Our House is on Fire - Scenes of a Family and a Planet in Crisis

By Malena and Beata Ernman, Svante and Greta Thunberg


Most people are probably familiar with Greta Thunberg.  Famous for her climate activism, named TIME Person of the Year in 2019, and a Nobel Peace prize nominee, she sparked a worldwide student movement demanding world leaders take action on climate change.  While she became famous for her school strikes, Our House is on Fire gives powerful insight into how and why Greta started her school strike each Friday to sit outside the Swedish Parliament.
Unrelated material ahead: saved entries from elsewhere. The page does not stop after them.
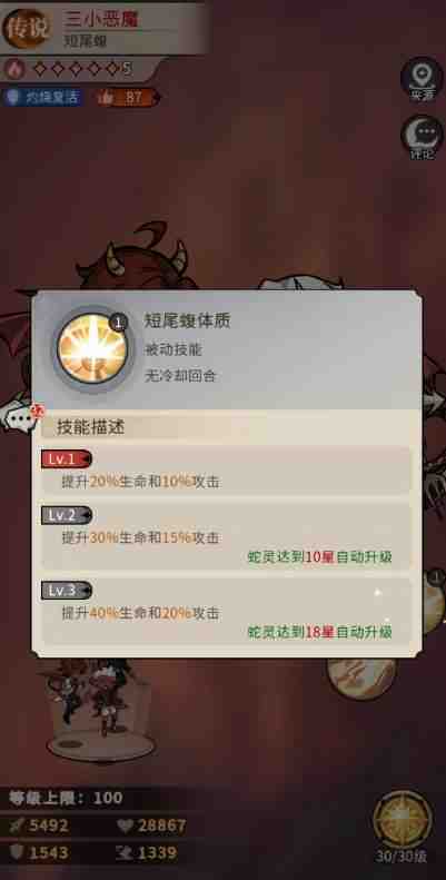 短尾蝮体质作为基础的被动技能,在其中主要是可以提升20%的生命数值以及10% 的攻击效果,而后期想要(yao)这个数值更高,只能从升级技能上面下功夫,只要三小恶魔提升到了18星的话,这里的数值就会变成40%生命和20%攻击了。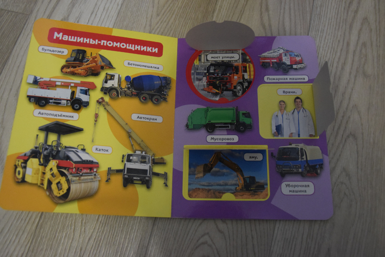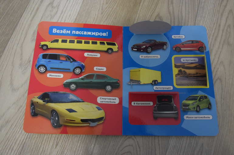 И небольшая книжка с окошками про машины. Средне. Сложные названия для Саши:седан, багги и пр. Но открывает окошки,смотрит. Хотя то,что внутри по мне не всегда ребенку интересно.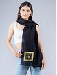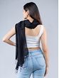 Presenting you this stunning black pashmina silk stole which has been decorated with yellow beaded embroidery with flower and geometrical motifs. The beauty of this stole is highlighted by its beaded embroidery and the tassels on the edges of this stole give movement and elegance to the stole.

While mostly narrated from the perspective of Greta’s mother,  Malena Ernman, the book was written collaboratively by Greta, her parents and her sister Beata.  It begins with Malena’s description of their family life and how at age 11 they began to notice Greta’s physical and mental health deteriorating. She “was slowly disappearing into some kind of darkness and little by little, bit by bit, she seemed to stop functioning.”  Greta developed an eating disorder, stopped eating and lost 10 kg in 2 months. The author painfully conveys the sense of powerless that Greta’s parents felt as their world began to fall apart.


The book goes on to detail the families’ struggles with the medical and education systems and describe how Greta faced indifference from the school system and bullying from her peers. She was eventually diagnosed with obsessive compulsive disorder, selective mutism and Asperger syndrome.  The path to eventually getting a diagnosis and treatment included moments in which Malena describes the daily struggles as a “heavy, boundless darkness” of pure fear.  



While narrating the reader through the families’ crisis, (the other daughter Beata has challenges of her own),

the family simultaneously examines the crisis facing our planet.  Malena skillfully educates the reader on the climate crisis as her family educates themselves about it.


It is through learning to channel her laser-like focus and diving into climate activism that Greta and her family begin their healing.  Driven by Greta’s determination to understand the truth and promote change, they begin to see connections between their own suffering and the planet’s.  


This book is an intimate, heart wrenching story of a families’ struggle for survival, perseverance and their love for each other.  Greta’s courageous journey toward activism is an inspiring call to action for the reader.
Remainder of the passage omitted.